When you are negotiating the amount of cash that the seller wants, remind them that you are helping them to avoid a foreclosure and a huge hit to their credit rating. That needs to have some cash value to them as well. They must understand that you cannot finance the entire value of the home and they should be happy only losing part of the equity they had established. If they ask for too much cash, then you need to walk away and find a more agreeable seller who will appreciate the opportunity to avoid crippling their credit rating and recouping some of their equity.

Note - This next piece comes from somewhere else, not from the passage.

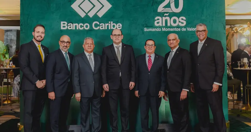 Santiago.– Santiago.- El emblemático Hodelpa Gran Almirante en esta ciudad fue el punto de encuentro entre amigos, clientes y aliados estratégicos de Banco Caribe para culminar las actividades de su 20 aniversario y celebrar juntos los logros y un futuro lleno de esperanza.

If you are unable to assume the original loan, then you might want to consider getting a conventional loan on the property if the seller would consider taking less for the house. Being in a distressed or very time sensitive situation, the seller might be willing to settle for 60-70% of the market value of the house if that is enough to cover the outstanding portion of their mortgage. They might even end up walking away with a small amount of cash after paying the mortgage. But clearly, finding the right distressed seller is a great opportunity for you to purchase real estate with no money down. Visit to learn more about purchasing distressed properties and how a real estate professional can help you find a great real estate investment.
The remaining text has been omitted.